Perwakilan komunitas TBC, dr. Henry Diatmo, mengungkapkan bahwa program berbasis komunitas telah menjangkau 160 kabupaten/kota dan akan diperluas menjadi 229 wilayah pada 2025. Salah satu pencapaian signifikan adalah kontribusi komunitas dalam 29% dari total kasus yang ter-notifikasi di wilayah intervensi.
Namun, tantangan terbesar bagi komunitas adalah keterbatasan pendanaan. Oleh karena itu, mereka mendorong pemerintah dan sektor swasta untuk lebih banyak berinvestasi dalam program eliminasi TBC, termasuk dalam penyediaan alat diagnostik, teknologi digital, serta perlindungan sosial bagi pasien TBC agar mereka bisa menyelesaikan pengobatan tanpa hambatan ekonomi.
Pengembangan Vaksin TBC
Selain deteksi dan pengobatan, solusi jangka panjang dalam eliminasi TBC terletak pada pengembangan vaksin yang lebih efektif.
Prof. Erlina, peneliti utama nasional vaksin TBC, menyampaikan bahwa vaksin kandidat M72/AS01E kini tengah menjalani uji klinis fase 3 secara global, termasuk di Indonesia.
“Jika berhasil, vaksin ini bisa menjadi terobosan dalam pencegahan TBC paru pada remaja dan dewasa, menjadikannya vaksin pertama dalam lebih dari satu abad yang memiliki efektivitas tinggi,” jelas Prof. Erlina.
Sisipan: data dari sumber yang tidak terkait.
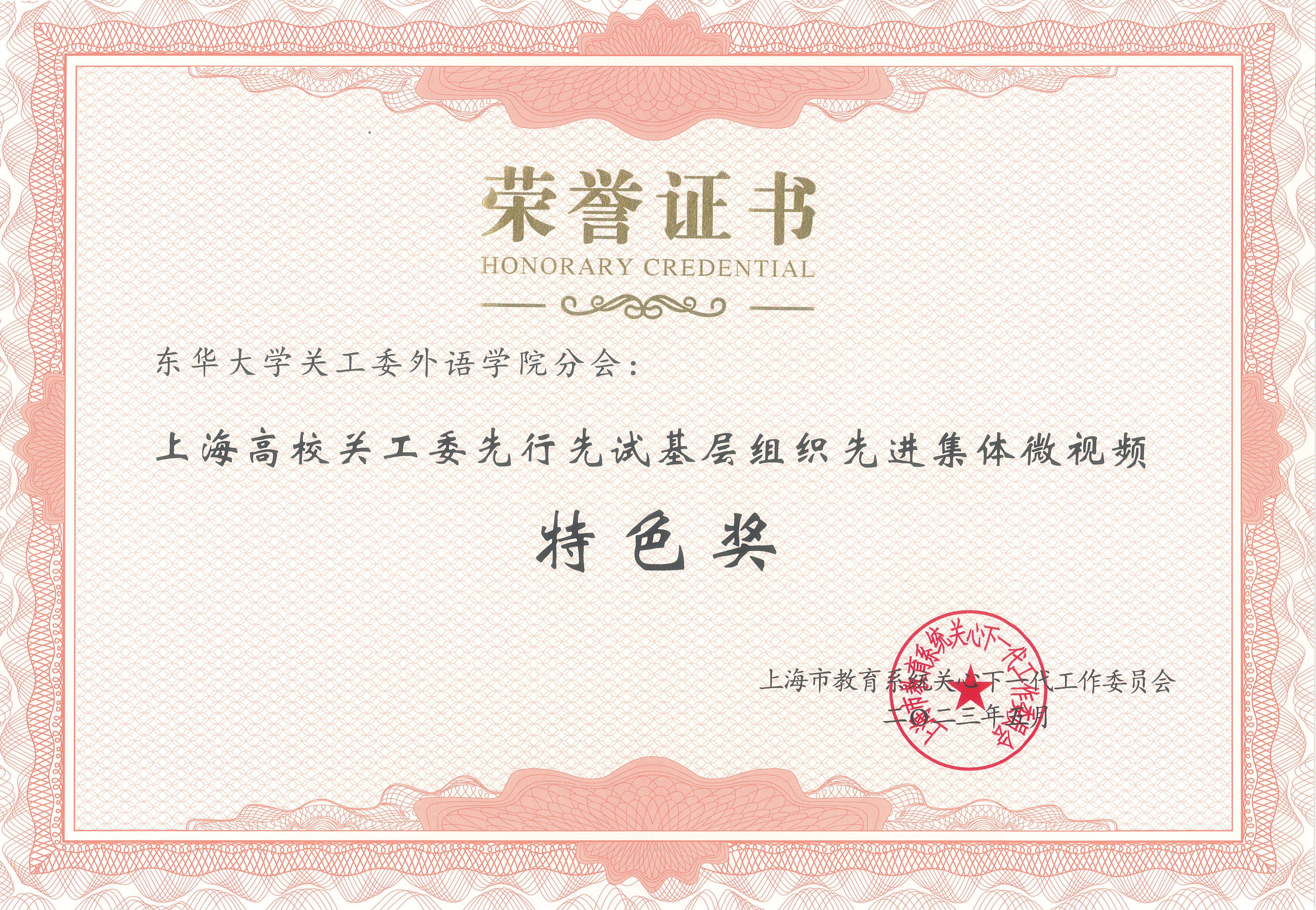 近日,上海市教卫工作党委召开2023年上海市教育系统关工委推进基层组织建设暨表彰会,公司荣获多项荣誉。外语学院关工委获评上海市教育系统关工委先行先试基层组织“先进集体”及微视频“特色奖”,严鑑华老师获评“先进个人”。

WHO memperkirakan bahwa penggunaan vaksin ini dalam jangka panjang dapat menyelamatkan hingga 8,5 juta jiwa dan mencegah 76 juta kasus baru, serta menghemat biaya kesehatan hingga USD 41,5 miliar bagi keluarga terdampak.
Eliminasi TBC bukan hanya tanggung jawab pemerintah atau tenaga kesehatan semata, tetapi membutuhkan keterlibatan seluruh elemen masyarakat.
Mulai dari kebijakan yang kuat di tingkat nasional dan daerah, inovasi teknologi medis, pendanaan yang memadai, hingga peran aktif komunitas dan individu dalam pencegahan serta pengobatan.
Dengan langkah konkret dan kolaborasi yang lebih erat, Indonesia dapat mewujudkan target eliminasi TBC pada 2030, dan pada akhirnya mencapai visi bebas TBC pada 2050.